While the company established by Harold H. (Chick) Stewart ultimately grew to become a manufacturer of a wide range of baking equipment, it was built on the back of a single product - the Stewart Monoflex Bread Cooler.
The founder of Stewart Systems was born in September 1913 in Balmorhea, Texas. After attending Texas Tech University where he studied electrical engineering. Mr. Stewart began his career in position with oil companies, working at refineries in the Middle East and South America. After serving in the Pacific theater during World War II, Mr. Stewart moved home where he married Anne Johnson. In Houston, Mr. Stewart worked as a sales representative for American Monorail and developed a reputation as a problem solver. Before long, he went into business of his own.
Stewart Engineering and Equipment Co. was established in 1947 as a crane and hoist distributor in Dallas His widow recalled that Mr. Stewart’s business was not an instant success. "Like many young entrepreneurs, Stewart went through some financial rough sledding." She wrote in a 1973 recollection marking the 25th anniversary of the business and the 10th of Mr. Stewart’s death. "But he bore the load quietly."
While working on a job in Dallas for Mrs. Baird's Bakery, Mr. Stewart conceived of the idea for the continuous bread cooler. Bill Mead, then president and chief executive officer at Mead's Bakery of Lubbock, Texas, agreed to be the first customer of this innovative product. In her recollection, Mrs. Stewart explained the thinking behind the cooler, She wrote, on chick's many visits to bakeries for installation of monorail proofing systems, he saw the serious need of that industry to get its lost floor space back from the bread cooling process, which then was to take the pans of baked bread from the ovens and place them on rolling tray racks and then push them our of the way until the bread cooled." The system Mr. Stewart developed received hot loaves of bread directly from the depanner and cooled them as they traveled along a continuous conveyor arranged in tiered loops. In shape, the conveyor resembled an oval racetrack hanging from the bakery's ceiling. This method is still the predominant means for cooling bread in large wholesale bakeries. "The energy-efficient, multi-tier, multi-loop, ceiling-mounted design leaves the floor space below free for other use," the company said.
The system was a great success and fueled considerable expansion by Stewart. Offices were opened in Houston and Tulsa. By the mid-1970s, the company had expanded to over 100 employees with its signature cooler installed in baking plants from coast to coast markets abroad - England, Brazil, Pakistan, Venezuela, Australia, Israel and Burma (Myanmar). Bread coolers today manufactured by Stewart and other equipment suppliers still bear and uncanny resemblance to Chick's original design. While the patented bread cooler formed the backbone of the business, Stewart developed several other custom-designed material handling systems for a range of industries. Mr. Stewart did not live to see the degree to which bread cooling invention was adopted. He died suddenly in 1963 at the age of 49. His widow, who was raising two small boys at the time, assumed control of the company, running it successfully for nearly a decade before hiring Don Lummus as president in 1972.
During the 1970's, the company grew rapidly through acquisitions, including the Middleby Marshall Oven Co. of Chicago and the bakery equipment division of International Multifoods Corp.

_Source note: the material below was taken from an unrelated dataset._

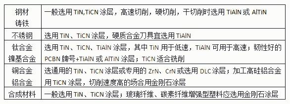 就PVD涂层的选用提出三点。首先,还是要根据工件材料的分类及硬度。加工钢和铸铁一般用通用的TiN、TiCN、硬度搞得可用TiAlN;加工不锈钢选用抗粘结的、导热性好的涂层;加工钛合金、镍基合金等难加工材料,切削温度高,要选耐热性好、耐氧化温度高的TiAlN、AlTiN等涂层;加工铜除通用的TiN外可选用CrN涂层;加工高硅铝合金要用耐磨粒磨损的涂层如TiCN;加工合成材料应选金刚石涂层或TiN、TiCN涂层。

By the early 1980s, the company was operating three divisions, including the Bakery System Division, serving wholesale baking companies in the United States and abroad. The Crane and Hoist Division offered material handling solutions for general industry.

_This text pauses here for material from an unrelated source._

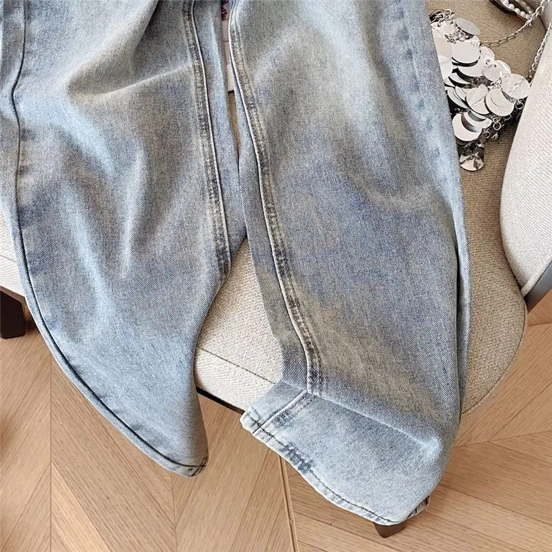 The high-waisted design of these jeans accentuates the waist, creating a flattering silhouette for all body types.

The company's Middleby-Marshall Oven Division, which was located in a suburb of Chicago, served customers in the retail, food service and fast food industries. Its ovens were sold to supermarket bakeries, multiple-and single-unit bake shops, airline commissaries, school systems, state and federal institutions such as universities, hospitals and prisons, and in many franchised fast-food outlets. With Mrs. Stewart’s retirement in 1984, the company was sold to international companies owned by Italians and then by Swiss.
A private investor, UCA Group, owns the company today, still operating at the plant in Plano, Texas and selling bakery proofers and ovens, bread coolers and pan stacking and unstacking systems to customers worldwide.